*GIVEN INFORMATION*
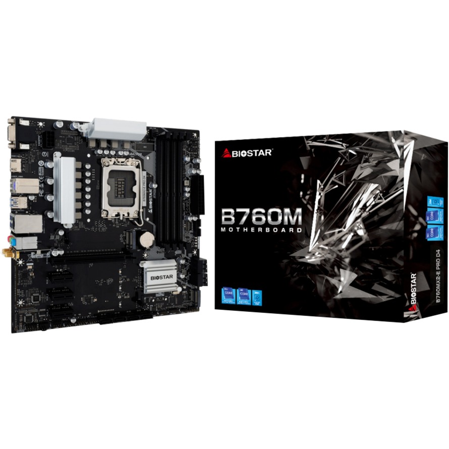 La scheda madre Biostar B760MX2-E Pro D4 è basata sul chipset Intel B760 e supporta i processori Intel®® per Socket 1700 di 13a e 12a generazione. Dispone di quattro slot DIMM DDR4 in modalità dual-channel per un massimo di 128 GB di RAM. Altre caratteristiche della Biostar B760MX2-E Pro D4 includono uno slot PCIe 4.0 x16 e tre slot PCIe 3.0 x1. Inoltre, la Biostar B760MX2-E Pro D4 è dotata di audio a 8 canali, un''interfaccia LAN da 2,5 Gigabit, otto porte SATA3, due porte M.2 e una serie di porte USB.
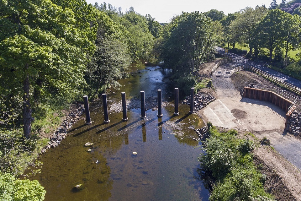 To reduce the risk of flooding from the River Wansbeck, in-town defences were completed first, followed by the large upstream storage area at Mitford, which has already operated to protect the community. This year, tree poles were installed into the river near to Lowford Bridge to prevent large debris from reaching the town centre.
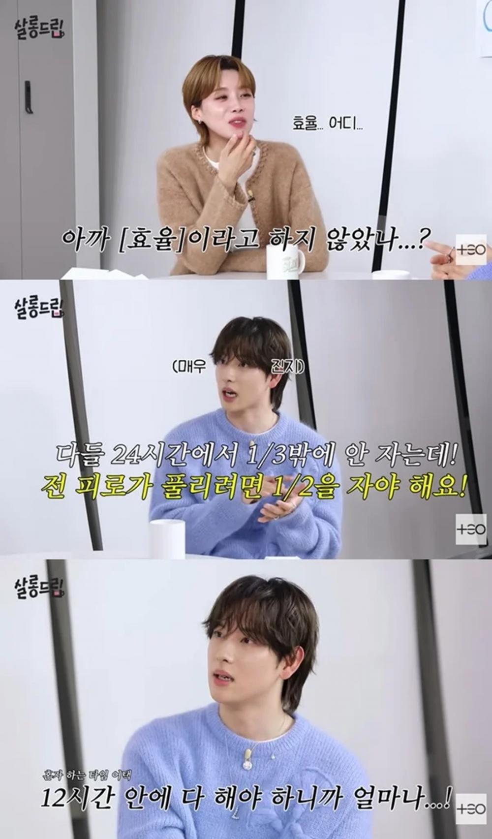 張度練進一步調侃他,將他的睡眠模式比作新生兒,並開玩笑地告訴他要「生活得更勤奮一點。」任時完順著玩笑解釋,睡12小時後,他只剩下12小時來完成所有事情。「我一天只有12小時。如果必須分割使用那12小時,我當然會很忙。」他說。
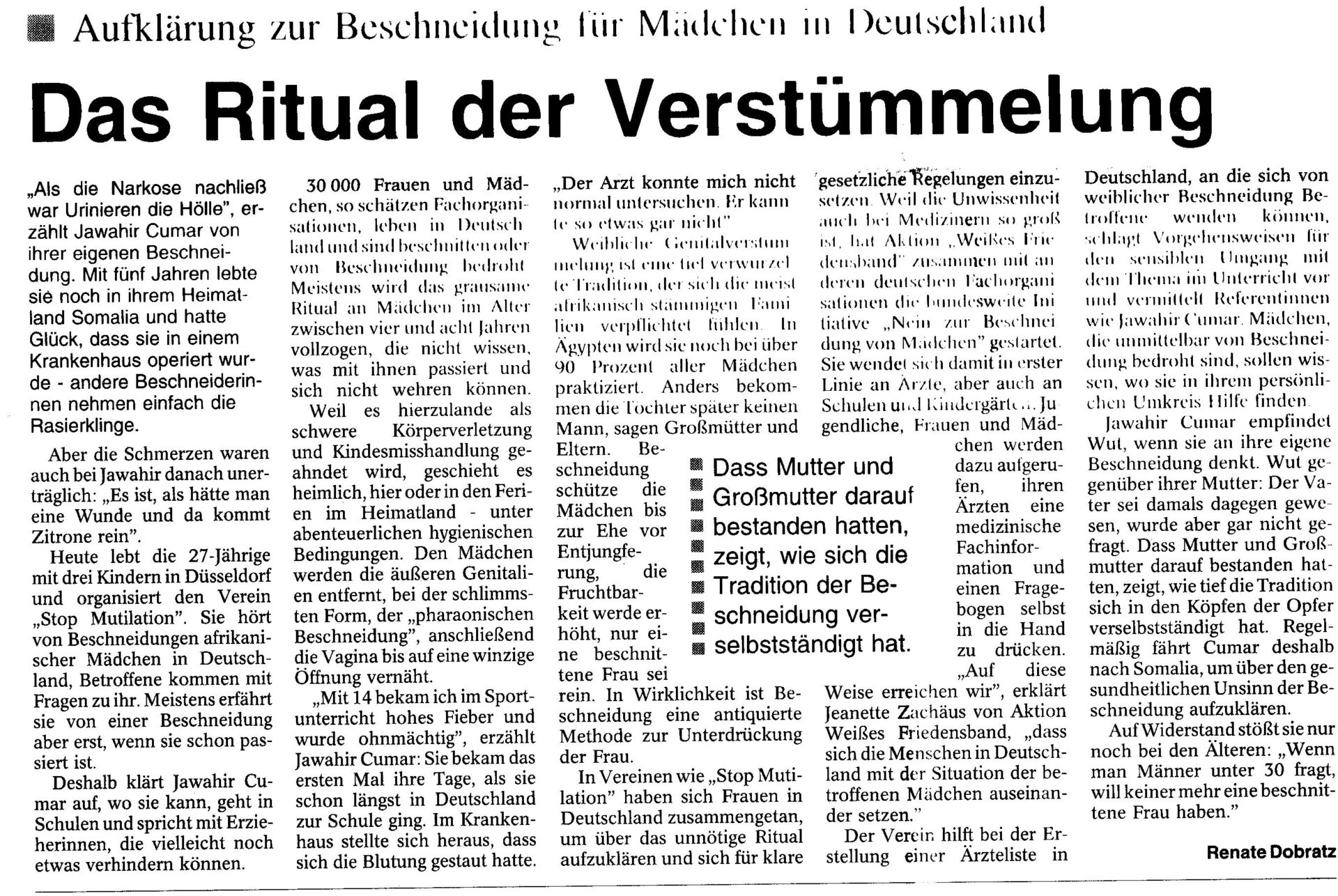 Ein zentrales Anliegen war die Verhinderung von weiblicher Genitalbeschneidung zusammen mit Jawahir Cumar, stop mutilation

==

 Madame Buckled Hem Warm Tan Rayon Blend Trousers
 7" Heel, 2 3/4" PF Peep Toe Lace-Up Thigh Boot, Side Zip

...

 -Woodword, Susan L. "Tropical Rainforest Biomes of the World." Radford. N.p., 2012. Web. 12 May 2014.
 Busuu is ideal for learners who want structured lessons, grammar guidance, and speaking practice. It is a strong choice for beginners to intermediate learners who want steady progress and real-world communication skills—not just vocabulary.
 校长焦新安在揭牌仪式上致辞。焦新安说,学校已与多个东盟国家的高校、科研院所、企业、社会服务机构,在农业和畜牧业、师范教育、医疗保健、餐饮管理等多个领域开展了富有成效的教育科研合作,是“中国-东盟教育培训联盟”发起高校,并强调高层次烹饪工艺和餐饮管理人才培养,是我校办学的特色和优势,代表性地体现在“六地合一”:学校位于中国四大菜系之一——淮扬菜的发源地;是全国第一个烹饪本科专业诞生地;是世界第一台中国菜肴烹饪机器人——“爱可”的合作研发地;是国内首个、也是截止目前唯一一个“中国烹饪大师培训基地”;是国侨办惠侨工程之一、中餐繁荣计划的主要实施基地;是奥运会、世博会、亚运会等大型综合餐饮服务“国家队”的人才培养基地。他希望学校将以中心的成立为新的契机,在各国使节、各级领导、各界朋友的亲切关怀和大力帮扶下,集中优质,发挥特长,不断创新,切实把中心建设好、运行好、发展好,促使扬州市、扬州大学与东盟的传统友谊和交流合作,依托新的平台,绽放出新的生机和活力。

*EXERCISE INSTRUCTIONS*
From the records above, print exactly the lines that run from the line with "Madame Buckled Hem" to the line with "Boot, Side Zip", inclusive.

*THE ANSWER*
 Madame Buckled Hem Warm Tan Rayon Blend Trousers
 7" Heel, 2 3/4" PF Peep Toe Lace-Up Thigh Boot, Side Zip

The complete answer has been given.